Key implications for development:

  • Write SQL using SQLite syntax (? placeholders, INTEGER PRIMARY KEY AUTOINCREMENT) — pg_adapter translates automatically
  • All sqlite3 imports work normally — they're intercepted by the adapter
  • db_path parameters in constructors are ignored (all connections go to PostgreSQL)
  • for_write=True in get_connection() is important for PostgreSQL transaction handling
  • Direct psql access: psql -U media_downloader -d media_downloader

Important: Do NOT use PostgreSQL-specific SQL syntax in the codebase. Always use SQLite-compatible syntax and let pg_adapter handle translation. This maintains backward compatibility.

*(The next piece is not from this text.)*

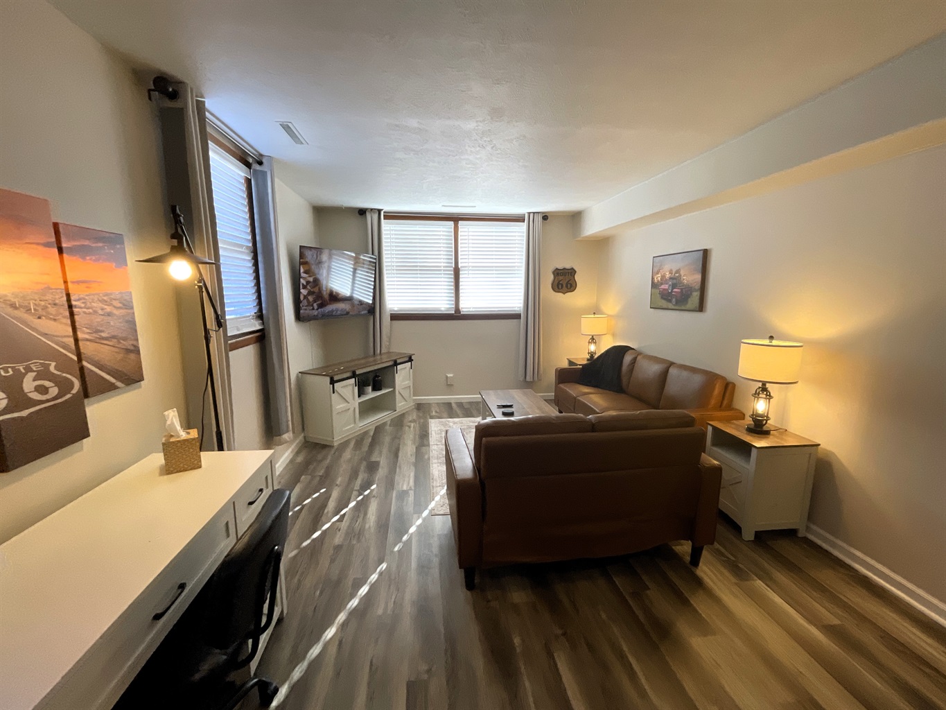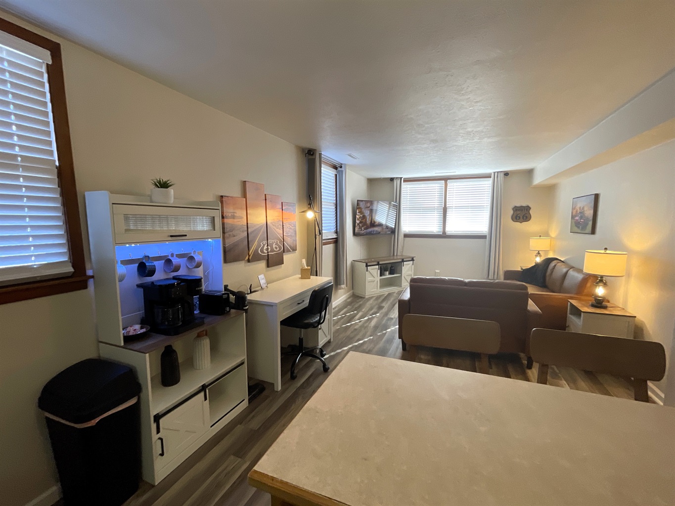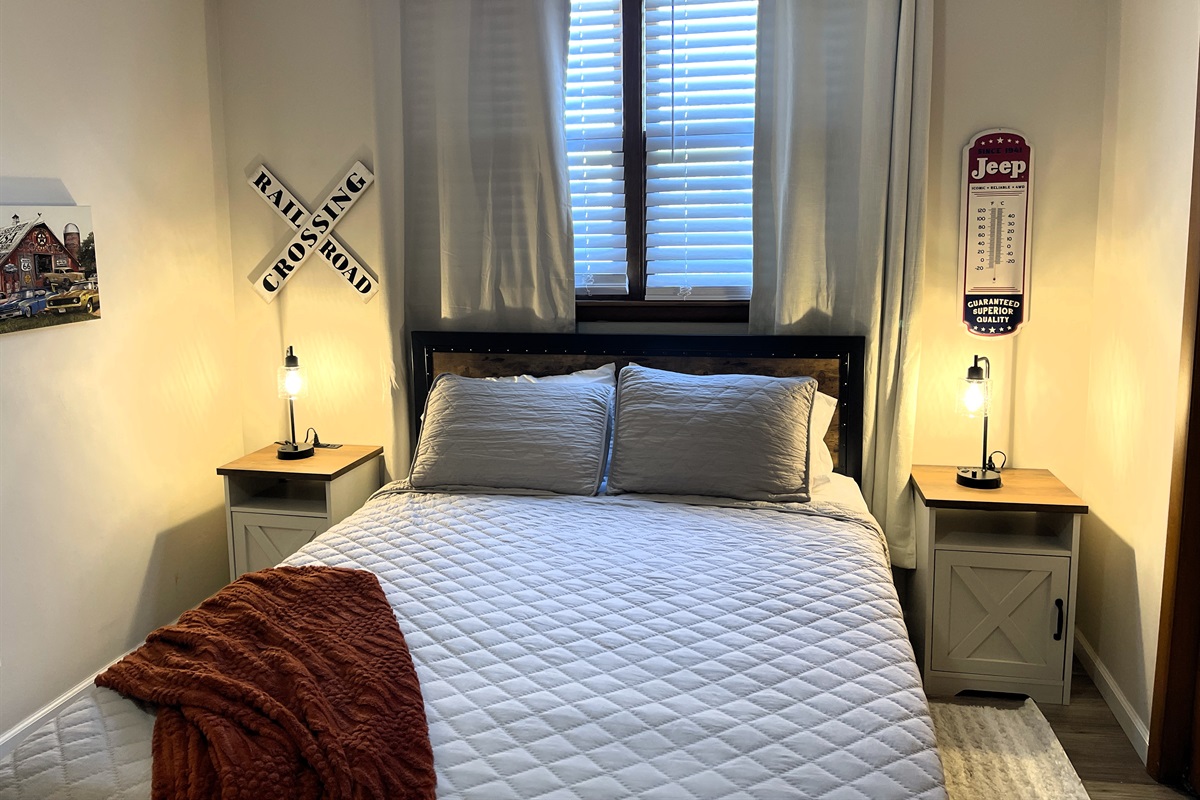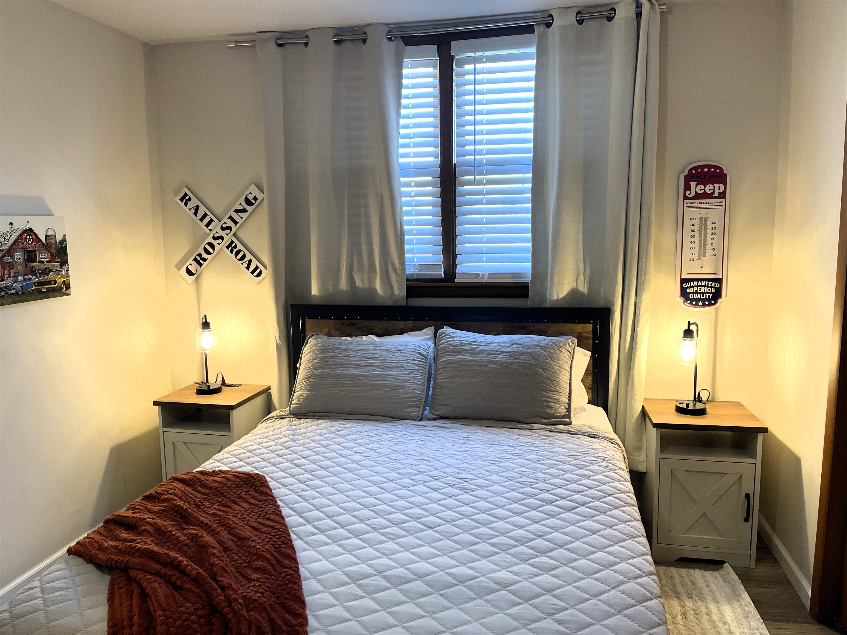 1 Bedroom • 1 Bathroom 1 Bath • Sleeps 1-2Step into comfort and style at our beautifully decorated Route 66 theme retreat in the heart of Normal, IL. Thoughtfully designed with warm tones, cozy textures, and unique décor, this space is perfect for relaxing after a day of exploring or unwinding with family and friends.

When running direct psql commands: Use standard PostgreSQL syntax (%s placeholders, INSERT ... ON CONFLICT DO NOTHING, SERIAL, RETURNING, etc.). The pg_adapter translation ONLY applies to Python code — raw psql commands must use native PostgreSQL syntax.

Settings Storage

Configuration is stored in the PostgreSQL settings table, managed by modules/settings_manager.py:

  • settings_manager.get_all() returns nested dict of all settings
  • settings_manager.set(key, value, category) stores with type information
  • Supports dot notation for nested keys
  • Settings are cached and synced via the API at /api/config

General Rules

  • Use unified_database.py for all database operations
  • Always use parameterized queries (never f-strings with user input)
  • Use for_write=True when writing to database

Known Issues & Technical Debt

Remaining HIGH Priority Issues

Issue Location Description
Missing retry logic forum_db_adapter.py Read queries fail on database lock

Remaining MEDIUM Priority Issues

Issue Location Description
46x as any assertions Frontend Reduces TypeScript safety
WebSocket token in URL api.ts:2418-2423 Security concern

Fixed Issues (2025-01-04)

Issue Fix Applied
Duplicate auth dependencies Consolidated to core/dependencies.py, removed from api.py
Direct sqlite3 usage for main DB Changed to app_state.db.get_connection() in media.py
Forum wrapper missing signal handlers Added setup_signal_handlers() and set_database_reference()
Missing admin check on batch_move Changed to require_admin dependency
Duplicate SQL filter constants Extracted MEDIA_FILTERS to core/utils.py
Logger.log() calls Changed to logger.debug() in media.py

Code Patterns to Follow

Database access:

# Use context manager with for_write flag
with app_state.db.get_connection(for_write=True) as conn:
    cursor = conn.cursor()
    cursor.execute("INSERT INTO ...", (params,))

Error handling:

# Use the handle_exceptions decorator
from core.exceptions import handle_exceptions

@router.get("/endpoint")
@handle_exceptions("OperationName")
async def endpoint():
    ...

Logging:

# Use logger methods, not logger.log()
logger.debug("Message", module="ModuleName")
logger.error("Error message", module="ModuleName")

API Endpoints Summary

The backend has 21 routers providing 150+ endpoints:

Router Prefix Key Endpoints
auth /api/auth Login, logout, 2FA, preferences
downloads /api/downloads List, search, analytics, filters
media /api/media Gallery, batch ops, thumbnails
recycle /api/recycle Recycle bin management
review /api/review Review queue for new content
face /api/face Face recognition, references
video /api/video Video streaming, info
video_queue /api/video-queue Download queue management
scheduler /api/scheduler Task scheduling, status
platforms /api/platforms Platform configs, triggers
config /api/config Application settings
celebrity /api/celebrity Celebrity discovery
appearances /api/appearances TV/podcast appearances
semantic /api/semantic Semantic search
discovery /api Smart folders, timeline
stats /api Dashboard stats, errors
health /api/health System health checks
maintenance /api/maintenance Cleanup operations
scrapers /api/scrapers Scraper configurations
manual_import /api/manual-import Manual file imports
files /files File serving

Remember

These rules exist because I repeatedly violated the user's trust. The deny list is a technical enforcement because my promises were not sufficient. Always ask before restarting the scheduler, and never touch authentication code.